┌─ Provided data

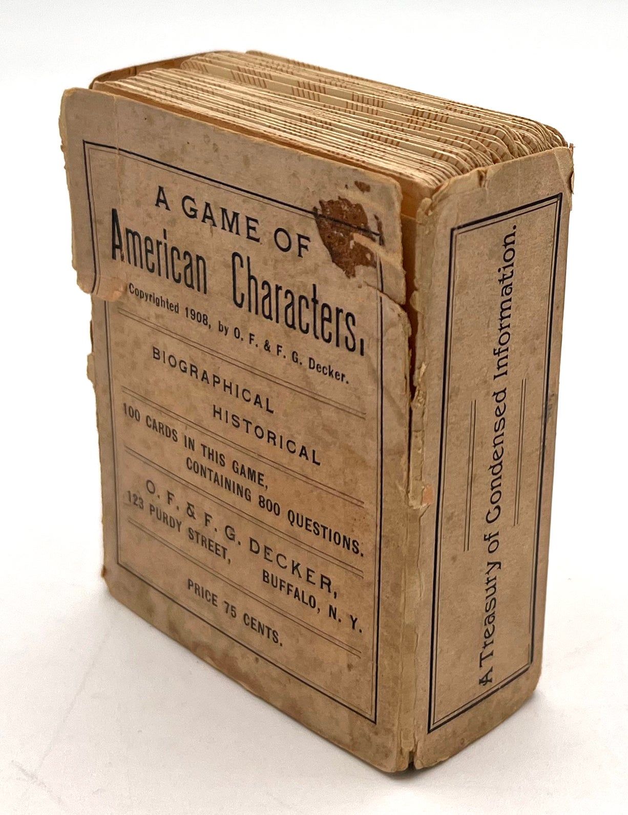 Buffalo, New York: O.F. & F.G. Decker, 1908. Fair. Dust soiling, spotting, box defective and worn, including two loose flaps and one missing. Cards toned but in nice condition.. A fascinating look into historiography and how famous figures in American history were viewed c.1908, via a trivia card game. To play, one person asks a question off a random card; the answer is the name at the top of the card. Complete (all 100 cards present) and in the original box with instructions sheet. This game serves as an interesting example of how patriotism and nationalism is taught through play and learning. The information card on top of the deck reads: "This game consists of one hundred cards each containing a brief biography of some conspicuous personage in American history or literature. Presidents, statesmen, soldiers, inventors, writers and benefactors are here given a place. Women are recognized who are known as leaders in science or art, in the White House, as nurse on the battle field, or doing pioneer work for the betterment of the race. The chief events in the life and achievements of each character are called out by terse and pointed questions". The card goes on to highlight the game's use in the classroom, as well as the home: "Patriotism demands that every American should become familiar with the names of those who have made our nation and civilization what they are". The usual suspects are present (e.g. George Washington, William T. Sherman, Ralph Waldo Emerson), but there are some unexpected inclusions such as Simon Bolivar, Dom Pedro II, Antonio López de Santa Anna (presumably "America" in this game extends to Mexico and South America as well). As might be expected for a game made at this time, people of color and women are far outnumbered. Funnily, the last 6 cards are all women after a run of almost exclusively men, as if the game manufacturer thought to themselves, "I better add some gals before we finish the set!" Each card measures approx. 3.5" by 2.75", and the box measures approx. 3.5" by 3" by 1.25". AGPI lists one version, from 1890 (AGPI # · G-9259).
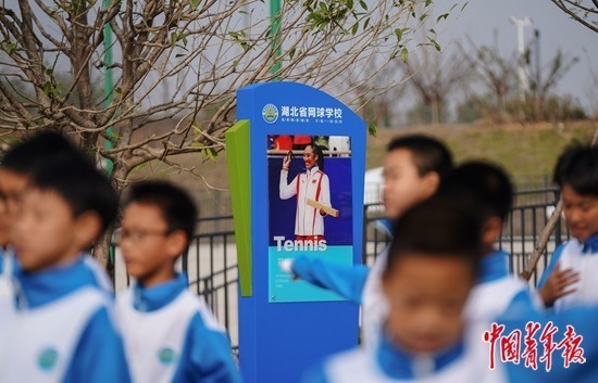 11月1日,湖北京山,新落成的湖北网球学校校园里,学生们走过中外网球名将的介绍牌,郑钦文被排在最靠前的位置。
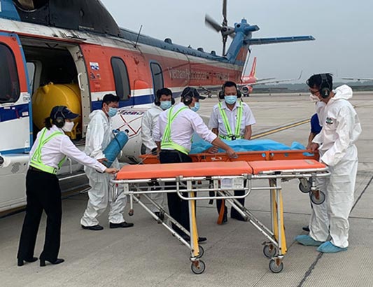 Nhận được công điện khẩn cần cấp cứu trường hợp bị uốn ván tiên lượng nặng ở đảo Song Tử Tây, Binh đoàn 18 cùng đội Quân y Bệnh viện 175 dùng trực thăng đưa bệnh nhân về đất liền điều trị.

└─

:: The task ::
Would you transcribe the whole listing above exactly? The pictures should not be included.

:: Written response ::
 Buffalo, New York: O.F. & F.G. Decker, 1908. Fair. Dust soiling, spotting, box defective and worn, including two loose flaps and one missing. Cards toned but in nice condition.. A fascinating look into historiography and how famous figures in American history were viewed c.1908, via a trivia card game. To play, one person asks a question off a random card; the answer is the name at the top of the card. Complete (all 100 cards present) and in the original box with instructions sheet. This game serves as an interesting example of how patriotism and nationalism is taught through play and learning. The information card on top of the deck reads: "This game consists of one hundred cards each containing a brief biography of some conspicuous personage in American history or literature. Presidents, statesmen, soldiers, inventors, writers and benefactors are here given a place. Women are recognized who are known as leaders in science or art, in the White House, as nurse on the battle field, or doing pioneer work for the betterment of the race. The chief events in the life and achievements of each character are called out by terse and pointed questions". The card goes on to highlight the game's use in the classroom, as well as the home: "Patriotism demands that every American should become familiar with the names of those who have made our nation and civilization what they are". The usual suspects are present (e.g. George Washington, William T. Sherman, Ralph Waldo Emerson), but there are some unexpected inclusions such as Simon Bolivar, Dom Pedro II, Antonio López de Santa Anna (presumably "America" in this game extends to Mexico and South America as well). As might be expected for a game made at this time, people of color and women are far outnumbered. Funnily, the last 6 cards are all women after a run of almost exclusively men, as if the game manufacturer thought to themselves, "I better add some gals before we finish the set!" Each card measures approx. 3.5" by 2.75", and the box measures approx. 3.5" by 3" by 1.25". AGPI lists one version, from 1890 (AGPI # · G-9259).
 11月1日,湖北京山,新落成的湖北网球学校校园里,学生们走过中外网球名将的介绍牌,郑钦文被排在最靠前的位置。
 Nhận được công điện khẩn cần cấp cứu trường hợp bị uốn ván tiên lượng nặng ở đảo Song Tử Tây, Binh đoàn 18 cùng đội Quân y Bệnh viện 175 dùng trực thăng đưa bệnh nhân về đất liền điều trị.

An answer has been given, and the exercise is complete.